| YOUR GOAL |
For each line of the data below, copy it if it holds the word "APAAS".

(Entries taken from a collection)
= = =
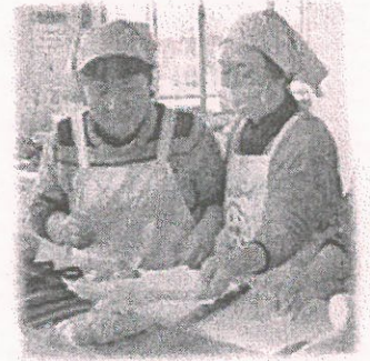
【活動に向けて勉強会】
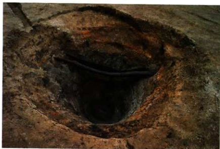
3次調査区 SE015足場木組検出状況 (南西から)
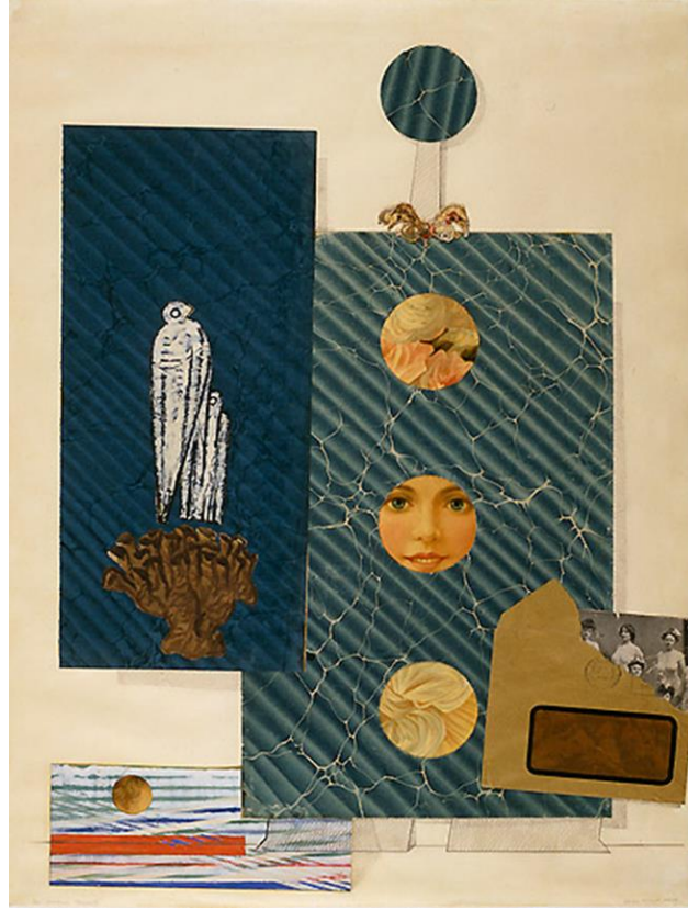
Max Ernst, The Postman Cheval (Le Facteur Cheval) , 1932, Kağıt Üzerine Kağıt ve Kumaş Kolaj, Kalem, Mürekkep Guaj, 64.3 x 48.9 cm, Peggy Guggenheim Collection, Venedik, İtalya http://www.guggenheim-venice.it/inglese/collections/artisti/dettagli/pop_up_opera2.php?id_opera=129

Sanatçının tamamen münhasır sanatsal kaygıları gereği keşfederek tercih ettiği ve kolajresim yaklaşımıyla tutarlı olan frotaj baskiresim tekniği de her bakımdan sanatçının boyaresim-kolajresim-baskiresim anlayışının bir kombinasyonudur. Başlangıçta Uzak Doğu'da, tamamen fonksiyonel amaçlara binaen icat edilerek uygulanan frotaj bir yüzey, plak veya kalıp üzerine konulan baskı kağıdının boyalı bir araçla üstten (arkadan) sürterek veya oarak bastırılarak imajın kağıdın ovma yapılan ön yüzeyine aktarılması esasına dayanan basit bir indirekt uygulamadır. Ancak sanatçı bu tekniği, birbirine yabancı, sanat dışı veya başka amaçlarla üretilmiş ve bazen hazır, buluntu imgeler de barındıran basılı matbuat ve materyali kombine etme biçimindeki alametifarika kolajresim yaklaşımıyla tutarlı bir baskiresim yöntemi yaratma adına kalıp olarak değerlendirdiği yapay veya doğal nesne yüzeylerinden indirekt baskı yoluyla kağıt vb. yüzeylere aktarmaya dayanan, kendi nevi şahsına münhasır bir baskiresim anlayışına dönüştürmüştür.
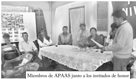
Miembros de APAAS junto a los invitados de honor

Con el respaldo de la cooperación y el esfuerzo mancomunado de dirigentes y vecinos el 31 de marzo de 1990 fue fundada oficialmente la Asociación de Producción de Agua y abastecimiento de Agua APAAS que desde la fecha tiene la titánica tarea de transportar la mejor agua a los hogares de Villa Sebastián Pagador.
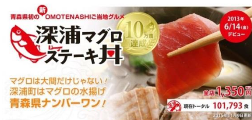
公式ウェブサイト
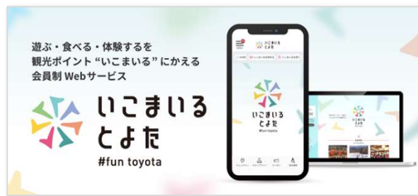
「いこまいる とよた」の紹介バナー
= = =
| YOUR RESPONSE |
Miembros de APAAS junto a los invitados de honor
Con el respaldo de la cooperación y el esfuerzo mancomunado de dirigentes y vecinos el 31 de marzo de 1990 fue fundada oficialmente la Asociación de Producción de Agua y abastecimiento de Agua APAAS que desde la fecha tiene la titánica tarea de transportar la mejor agua a los hogares de Villa Sebastián Pagador.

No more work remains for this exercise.